Riferimenti: IBS, Wikipedia

Discussione di gennaio 2017

Sì: Oscar, Michele, Tomas, Gabriella, Giuseppe, Marisa, Maddalena, Alessandra Co., Alessandra Ce.
No: Massimo I.
Nì: Pierpaolo

Oscar (sì, proponente): qualche anno fa avevo l'abitudine di ascoltare i podcast dell'autrice su Radio Feltrinelli. Ricordo la sua introduzione ai podcast: "I pensieri di Simonetta Agnello Hornby: le riflessioni di un avvocato londinese trasformato in scrittrice italiana". Erano appuntamenti piacevoli perché raccontava delle sue esperienze professionali, del suo quotidiano, sia in Inghilterra che in Italia, e di tutte le implicazioni che derivavano dal fondersi di culture diverse. Dopo aver sentito tanto della sua vita mi è venuto naturale avvicinarmi alle sue opere. "La Mennulara" mi ha appassionato molto e ho trovato che un romanzo così avvincente andava condiviso con voi Assorbilibri.

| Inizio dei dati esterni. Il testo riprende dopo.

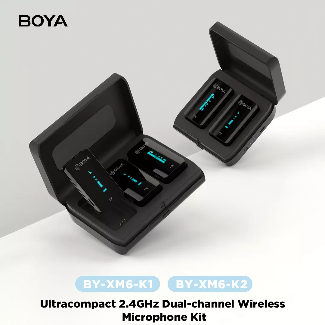 BOYA BY-XM6-K2 All-in-One Edition ซึ่งเป็นระบบไมโครโฟนไร้สายแบบกระโดดความถี่ที่ปรับได้ 2.4GHz ประกอบด้วยตัวส่งสองตัว ตัวรับหนึ่งตัว และกล่องชาร์จ เป็นการบันทึกเสียงที่สมบูรณ์แบบ ในขณะเดียวกันก็นำเสนอโซลูชันสำหรับวิดีโอบล็อกสองคน, วิดีโอ YouTube, สตรีมมิงแบบสด, การสัมภาษณ์, การบันทึก ฯลฯ
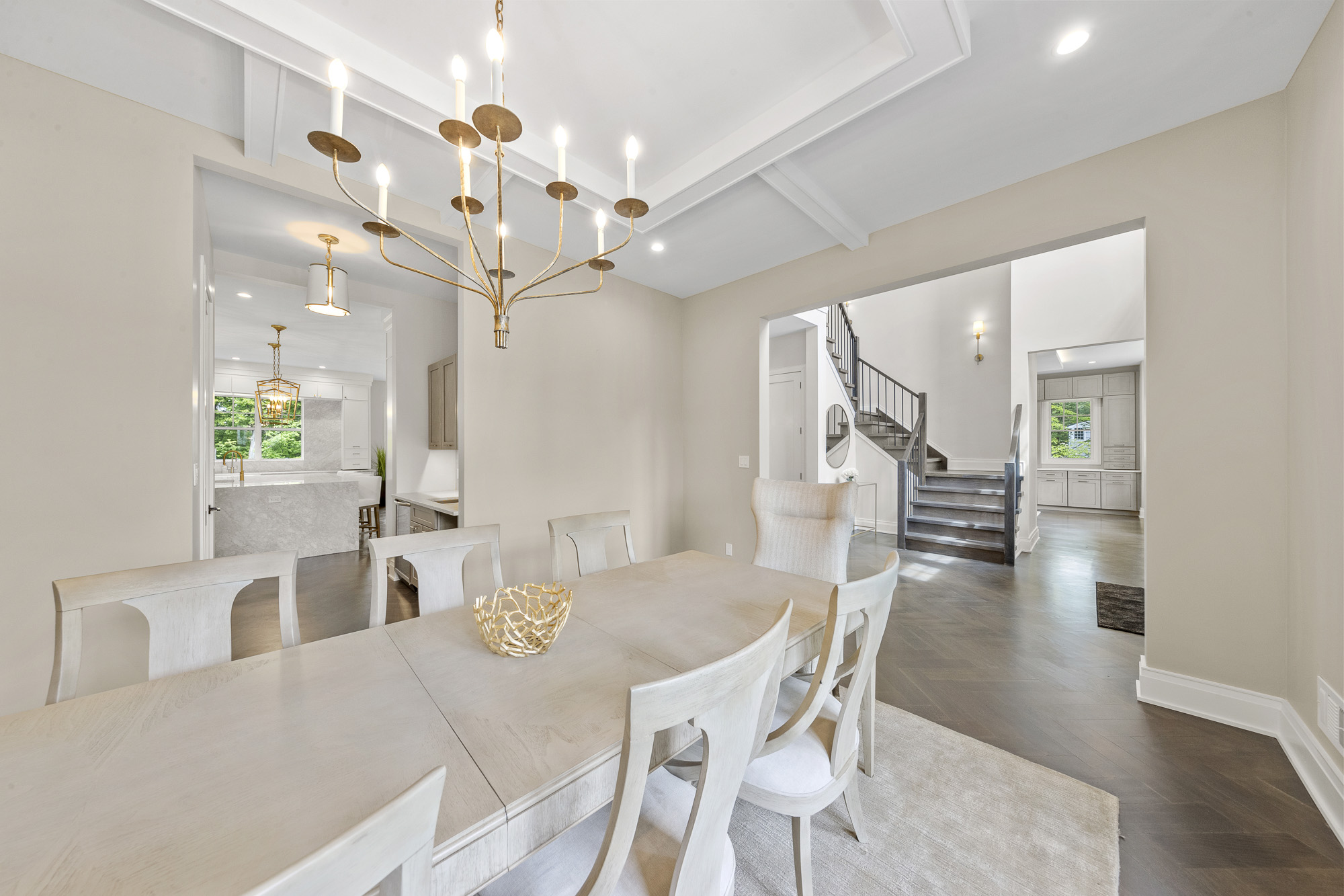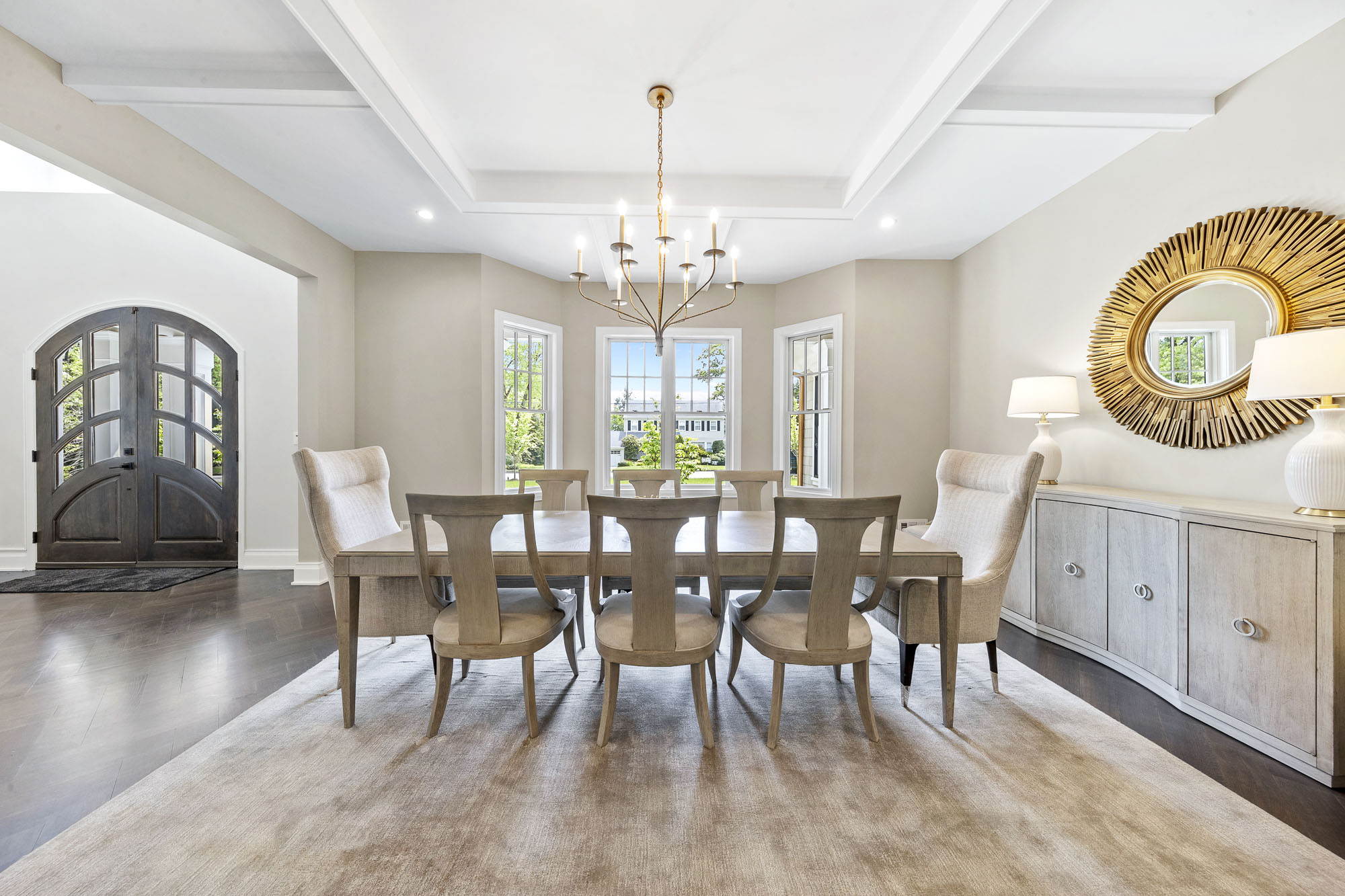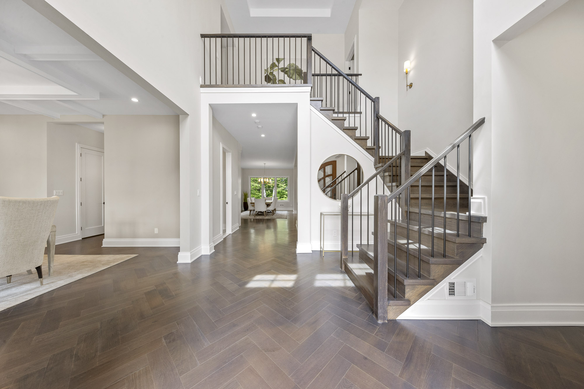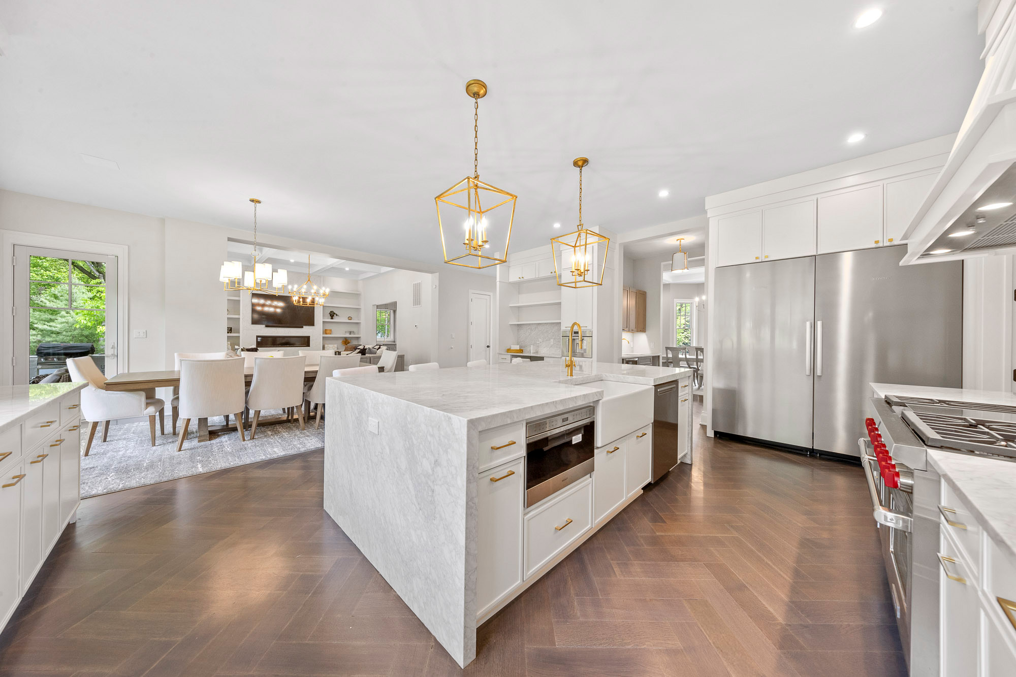 Step inside to discover soaring 9 to 14-foot ceilings, adorned with unique ceiling details in nearly every room. The interior is adorned with designer high-end lighting fixtures, vanities, and appliances, while 5-inch herringbone hardwood floors add a touch of elegance to every space.
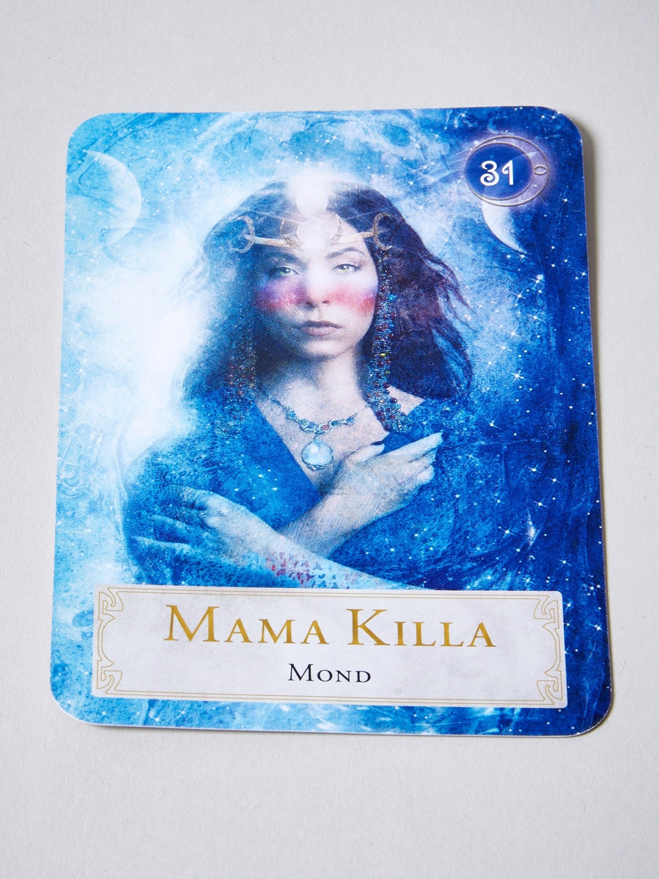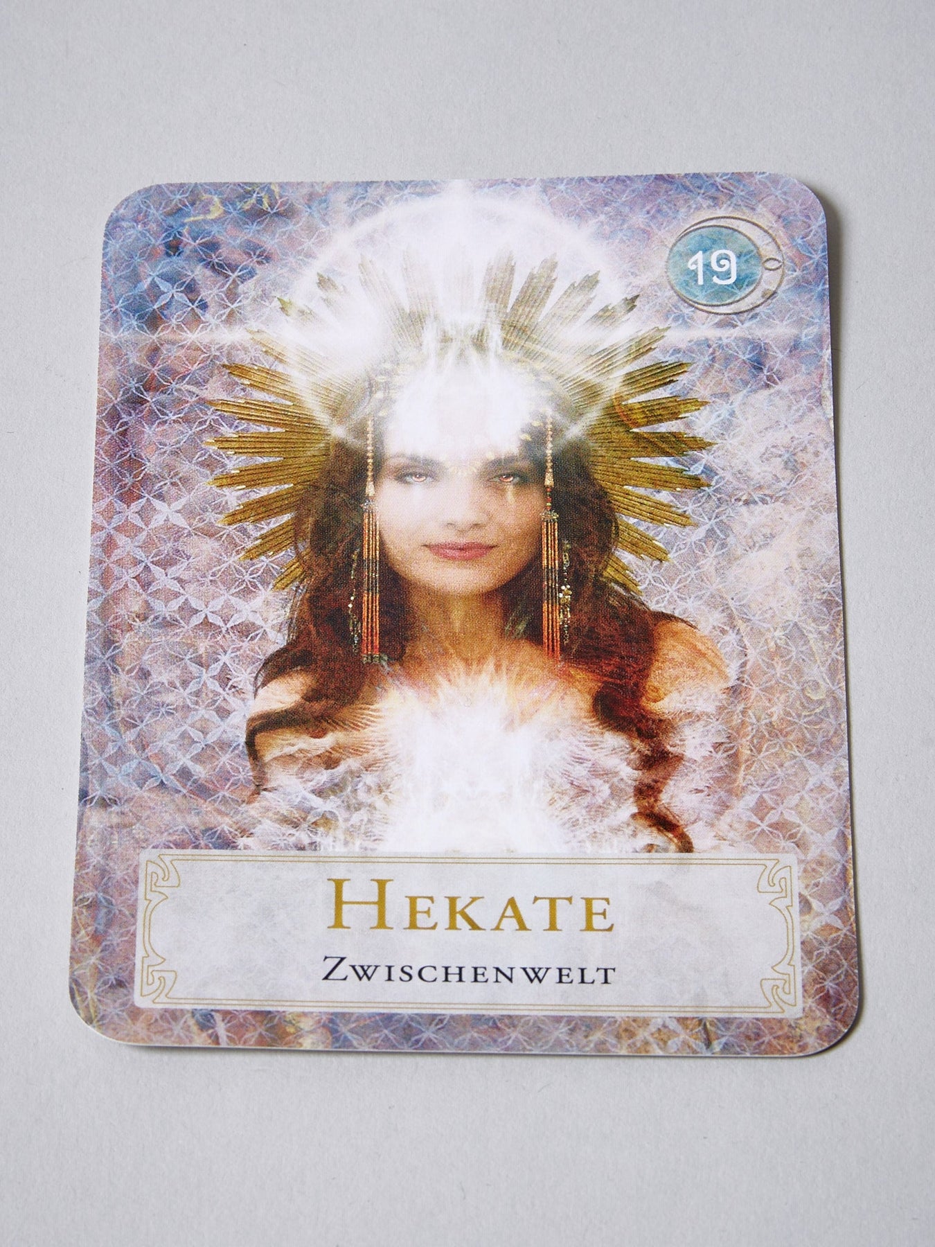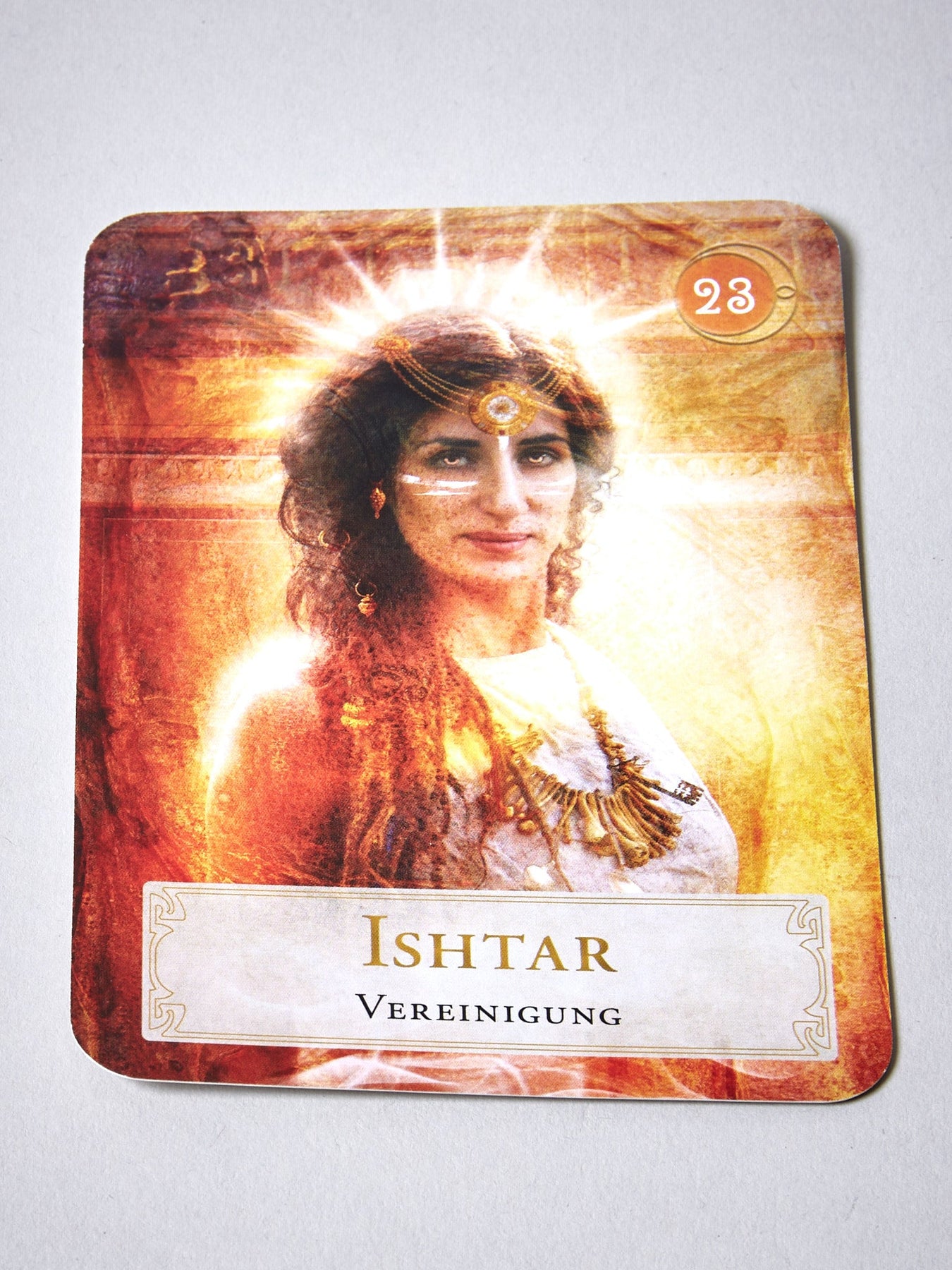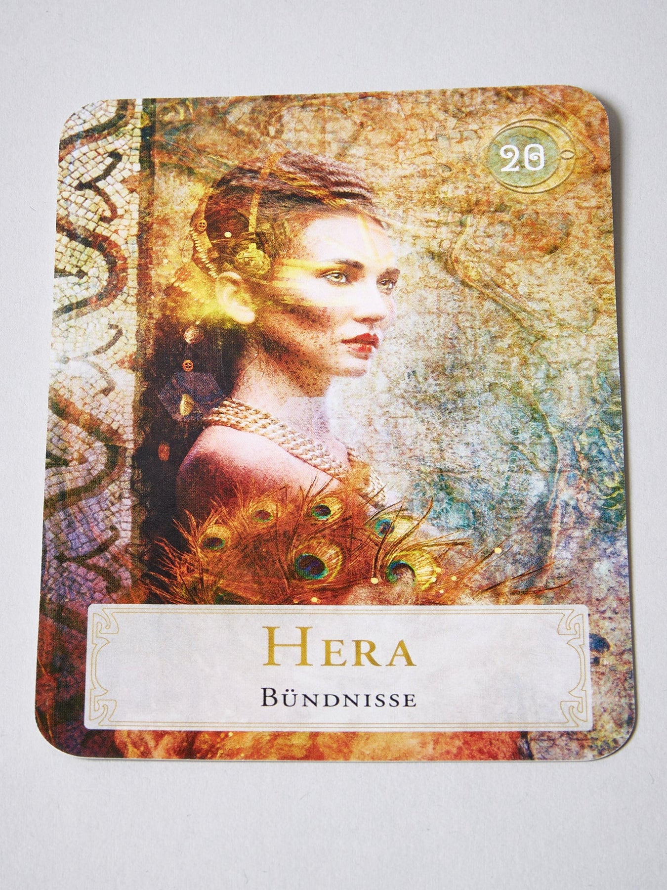 Das Format des Kartendecks kommt diesmal ganz majestätisch daher: XXL-Box mit einem Schuber und ausgestanztem Fenster, das eine Göttin offenbart. Eine stabile Pappschachtel, hochwertig mit dem Magnetverschluss verarbeitet. In der Schachtel befinden sich sowohl das XXL-Booklet mit der Deutung der Karten als auch weiter unten im Herzstück der Box die 52 Karten in einer separaten kleinen Box. Diese kann man mit einem Bändchen herausheben. Die kleine Box wird wie gewohnt mit einem Pappdeckel verschlossen und die innen liegenden Karten lassen sich ebenfalls mit deinem zweiten Bändchen komfortabel herausnehmen.

Marisa (sì): Una Sicilia assolata, agreste, con i campi di mandorli, il canto dei grilli, i contadini all'opera, e un paese, Roccacolomba, con due classi sociali ben distinte, quella delle famiglie ricche e nobili e l'altra meno abbiente: è questo lo scenario che l'autrice ci descrive con una scrittura piana, scorrevole ed essenziale. La mennulara rappresenta un'anomalia che mal si adatta a questo mondo paesano, dove spadroneggia la pratica del pettegolezzo e dell'ipocrisia. È colei che da semianalfabeta riesce con la sua intelligenza, tenacia e sensibilità ad elevarsi culturalmente, fino ad acquisire quelle conoscenze che le permetteranno di diventare un'abile amministratrice dei beni di casa Alfallipe e un'appassionata estimatrice dell'arte greca. Soltanto pochi conosceranno la verità e, con essa, quegli eventi drammatici che hanno segnato l'infanzia e l'adolescenza della mennulara e che l'hanno portata ad essere quella che è in realtà: una persona schiva, generosa, onesta, fedele ai propri sentimenti e inflessibile contro ogni ingiustizia, ad onta dell'opinione generale e delle umiliazioni subite. Questo romanzo mi richiama l'ambiente un po' picaresco dei racconti di Camilleri da cui forse l'autrice ha tratto certi spunti, e mi ricorda un altro libro, "La porta" di Magda Szabò: anche qui troviamo lo stesso rapporto di sudditanza serva/padrona - padrona/serva e la stessa componente di orgoglio e di inaccessibilità che la “criata” erge a difesa della sua vera personalità, che rimane avvolta fino all'ultimo in un velo di mistero.

Pierpaolo (nì): Elenco innanzitutto gli aspetti positivi alla base del mio "nì". Mi è piaciuta la narrazione degli eventi attraverso le voci degli abitanti del paese: questa tecnica crea suspance e porta gradualmente a costruire un quadro complesso. Tra le cose che mi sono piaciute di meno: c'era qualcosa nella lingua che non mi convinceva. Anche la scelta dei nomi mi ha a volte lasciato perplesso: ad esempio quello degli Alfallipe, costrituito in maniera emigmistica, per anagramma. E ho trovato alcuni punti della trama troppo artificiosi. Mi ha fatto pensare a "C'era una volta in America", il film di Sergio Leone: anche lì si narrava della mafia d'un tempo, diversa da quella di oggi. Altro aspetto negativo: mi sono sentito trascinato in una sequenza fastidiosa di pettegolezzi di paese, fatta di morbose attenzioni per le vite degli altri.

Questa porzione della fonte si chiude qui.